Activity:
Write out the records once more, exactly, and keep any image out.
(Source material begins)
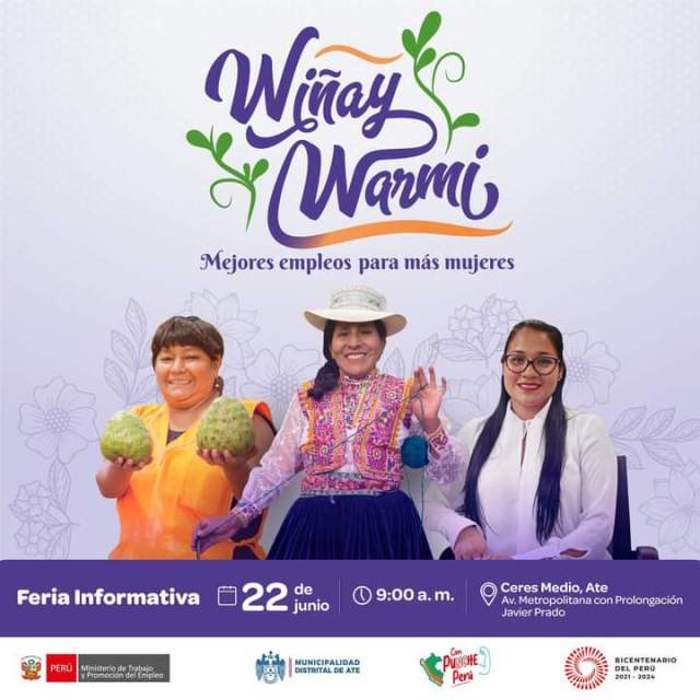 Ate, 23 de Junio del 2023.- Gracias a la gestión del Alcalde Franco Vidal, ante el Ministerio de Trabajo y Promoción del Empleo, el próximo 22 de Junio se llevará a cabo el Lanzamiento de la Intervención Intersectorial “Wiñay Warmi”, cuya finalidad es contribuir el cierre de brechas de género en el acceso al empleo decente y condiciones de empleabilidad de las mujeres en su diversidad.
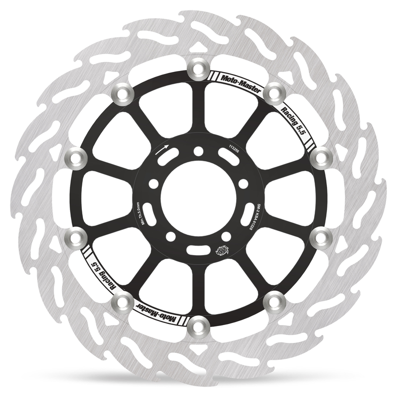 Disco da 320/300 specifico per le Motard da gara e' realizzato con mat eriali di qualita' superiore e garantisce le massime prestazioni. Questo disco flottante da 320 mm con rotore interno in acciaio anodizzato nero o argento e' progettato per e ssere utilizzato con la pinza Supermoto Racing. Lo spessore del disco e' stato portato a 5mm per contrastare i fenomeni di deformazioni dovuti al calore. Non compatibile con la pinza freno originale. E' stato sviluppato anche un disco da 320mm per la versione stradale che monta con pinza e pompa originale
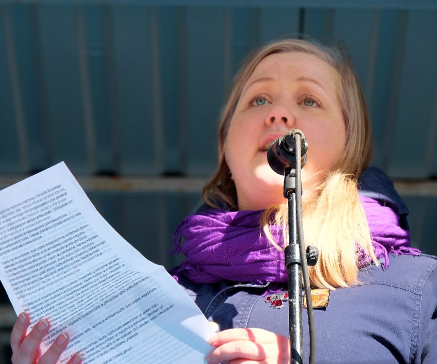 Helsingissä puhunut SKP:n pääsihteeri Petra Packalén korosti myös tarvetta protestille.
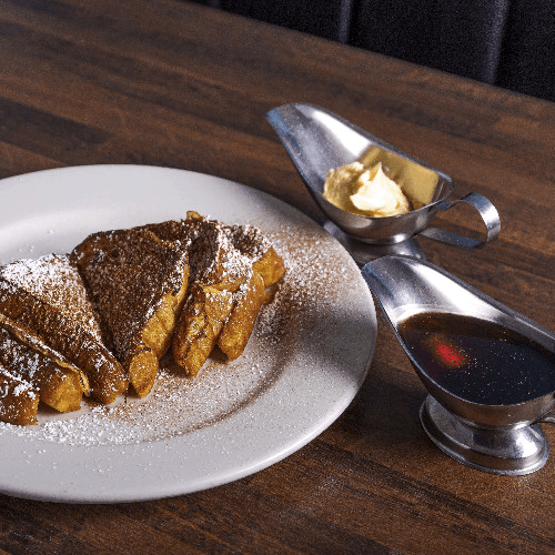 The Ultimate and our most famous Brunch Burger! A juicy beef patty nestled between two golden, buttery slices of French toast, topped with melted cheese, crispy bacon, and a drizzle of our bacon maple syrup.
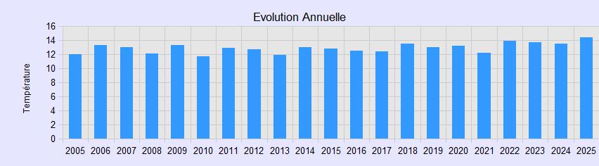 | Moyenne / Mois | Année la plus froide | Année la plus chaude | Année en cours | ||||||||||
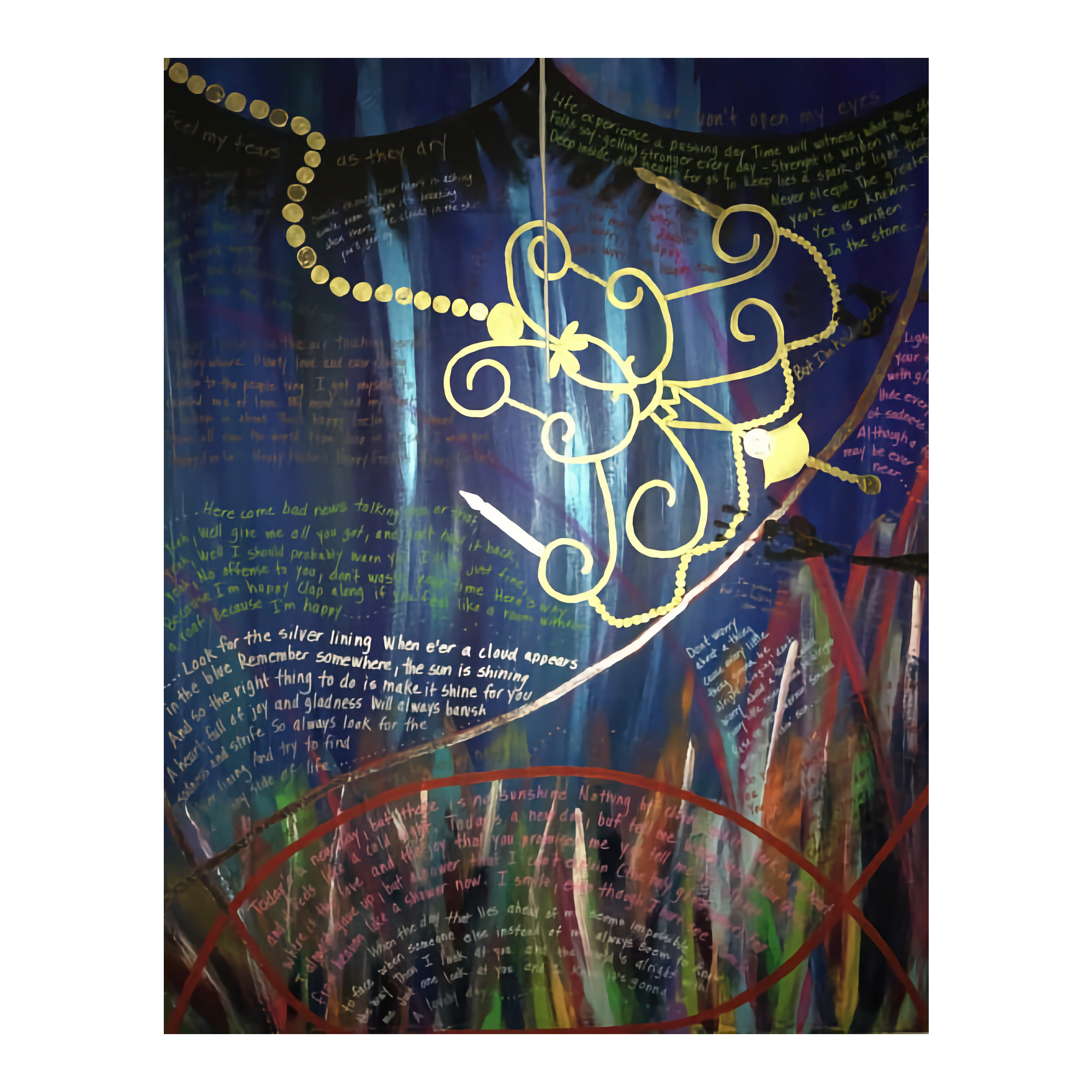 Chandelier Jennifer Monet Cowley Acrylic, gold leaf and silver leaf on canvas 60 x 48 in Price: $14,500 Location: Daisha Board Gallery
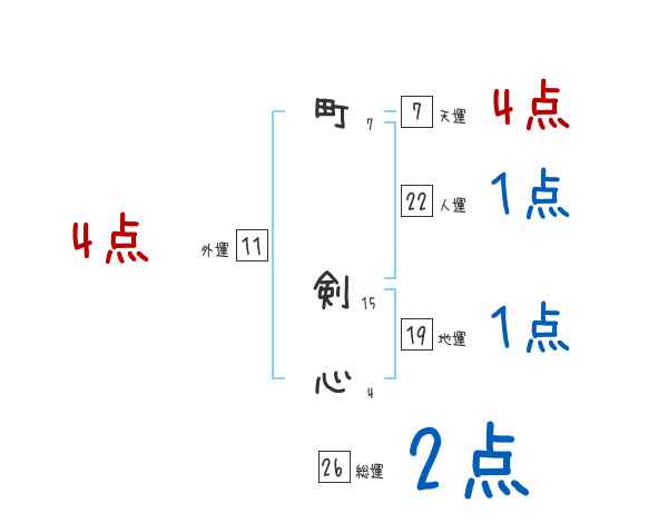 天運![]() | 町剣心さんの天運は7画の4つ星!強い意志や信念を持ち独立心が強い。自立する。 家系が持つ宿命的な運勢を表します。祖先から受け継いだ苗字ですので自分の力が及びません。家柄を象徴します。 |
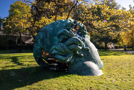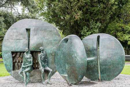 Auckland, New Zealand - March 1, 2017: Greenish bronze Karangahape Rocks statue by Greer Twiss at Symonds Street Cemetery in front of green trees. Three large circular pieces and the image of two men
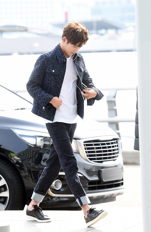 이날 서강준은 귀엽게 롤업한 생지 데님에 화이트 티셔츠를 입고 레오파드 패턴의 데님 자켓을 착용해 봄을 맞아 한층 가벼우면서도 스타일리쉬한 모습으로 '워너비 남친룩'을 완성했다.
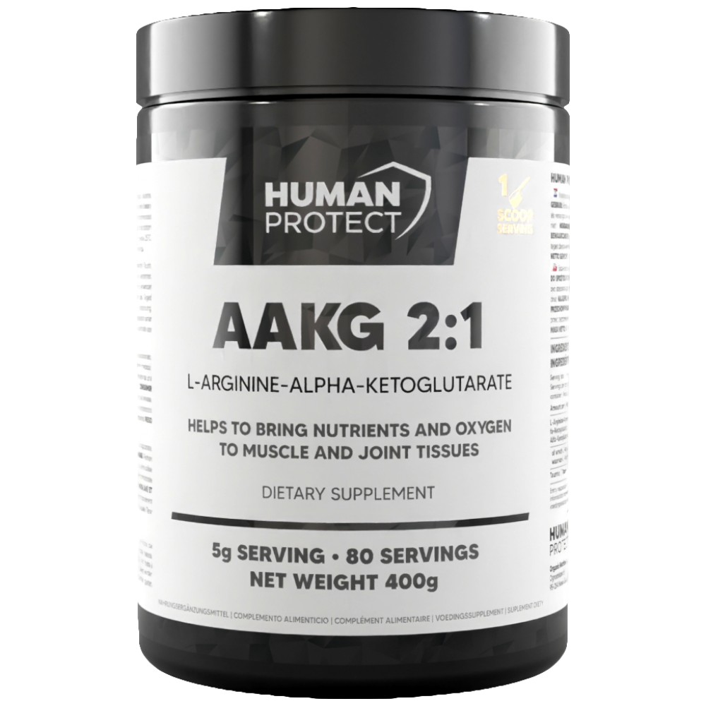 Human Protect AAKG 2:1 Powder | L-Arginine-Alpha-Ketoglutarate е аминокиселина, образувана от две молекули Аргинин, свързани с една молекула Алфа-кетоглурат. Смята се, че Arginine Alpha-Ketoglutarate е по-ефективен от обикновия Аргинин, тъй като увеличава нивата на азотен оксид за продължителен период, а не само временно. Той има свойството да подпомага покачването на качествена мускулна маса, да увеличава силата и издръжливостта.
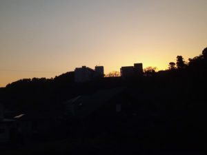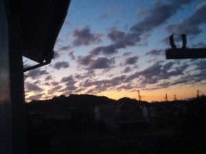 太陽が真西に沈んでいます。
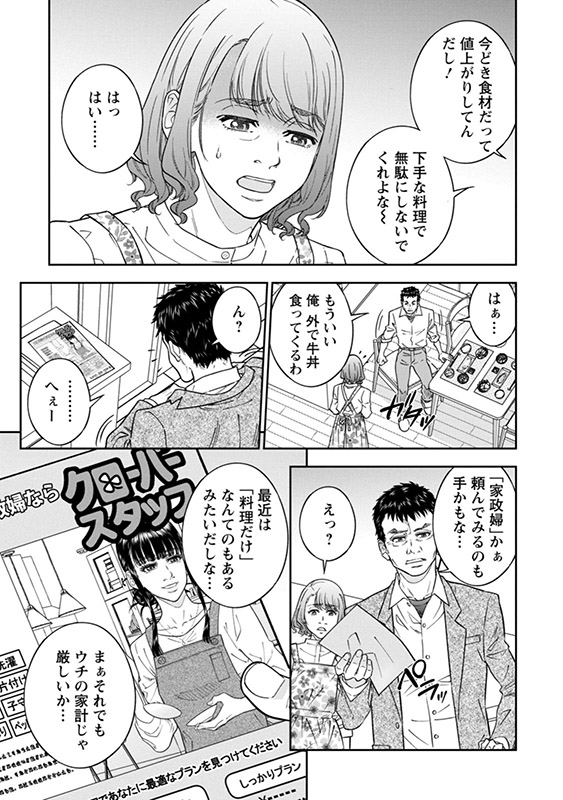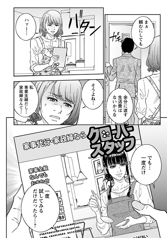誰にも言えない家庭のトラブル、きれいに消しちゃいます……。ミステリアスな雰囲気のクールビューティーにして、仕事はテキパキこなし、コミュ力も高い家政婦、通称ケシコ。心を許した顧客たちは、夫との関係等の深刻な悩みを自然と彼女に打ち明ける。そのタイミングでケシコが提案するエグい裏サービスメニューとは!?
(Source material ends)
Answer to the problem:
 Ate, 23 de Junio del 2023.- Gracias a la gestión del Alcalde Franco Vidal, ante el Ministerio de Trabajo y Promoción del Empleo, el próximo 22 de Junio se llevará a cabo el Lanzamiento de la Intervención Intersectorial “Wiñay Warmi”, cuya finalidad es contribuir el cierre de brechas de género en el acceso al empleo decente y condiciones de empleabilidad de las mujeres en su diversidad.
 Disco da 320/300 specifico per le Motard da gara e' realizzato con mat eriali di qualita' superiore e garantisce le massime prestazioni. Questo disco flottante da 320 mm con rotore interno in acciaio anodizzato nero o argento e' progettato per e ssere utilizzato con la pinza Supermoto Racing. Lo spessore del disco e' stato portato a 5mm per contrastare i fenomeni di deformazioni dovuti al calore. Non compatibile con la pinza freno originale. E' stato sviluppato anche un disco da 320mm per la versione stradale che monta con pinza e pompa originale
 Helsingissä puhunut SKP:n pääsihteeri Petra Packalén korosti myös tarvetta protestille.
 The Ultimate and our most famous Brunch Burger! A juicy beef patty nestled between two golden, buttery slices of French toast, topped with melted cheese, crispy bacon, and a drizzle of our bacon maple syrup.
 | Moyenne / Mois | Année la plus froide | Année la plus chaude | Année en cours | ||||||||||
 Chandelier Jennifer Monet Cowley Acrylic, gold leaf and silver leaf on canvas 60 x 48 in Price: $14,500 Location: Daisha Board Gallery
 天運![]() | 町剣心さんの天運は7画の4つ星!強い意志や信念を持ち独立心が強い。自立する。 家系が持つ宿命的な運勢を表します。祖先から受け継いだ苗字ですので自分の力が及びません。家柄を象徴します。 |
 Auckland, New Zealand - March 1, 2017: Greenish bronze Karangahape Rocks statue by Greer Twiss at Symonds Street Cemetery in front of green trees. Three large circular pieces and the image of two men
 이날 서강준은 귀엽게 롤업한 생지 데님에 화이트 티셔츠를 입고 레오파드 패턴의 데님 자켓을 착용해 봄을 맞아 한층 가벼우면서도 스타일리쉬한 모습으로 '워너비 남친룩'을 완성했다.
 Human Protect AAKG 2:1 Powder | L-Arginine-Alpha-Ketoglutarate е аминокиселина, образувана от две молекули Аргинин, свързани с една молекула Алфа-кетоглурат. Смята се, че Arginine Alpha-Ketoglutarate е по-ефективен от обикновия Аргинин, тъй като увеличава нивата на азотен оксид за продължителен период, а не само временно. Той има свойството да подпомага покачването на качествена мускулна маса, да увеличава силата и издръжливостта.
 太陽が真西に沈んでいます。
誰にも言えない家庭のトラブル、きれいに消しちゃいます……。ミステリアスな雰囲気のクールビューティーにして、仕事はテキパキこなし、コミュ力も高い家政婦、通称ケシコ。心を許した顧客たちは、夫との関係等の深刻な悩みを自然と彼女に打ち明ける。そのタイミングでケシコが提案するエグい裏サービスメニューとは!?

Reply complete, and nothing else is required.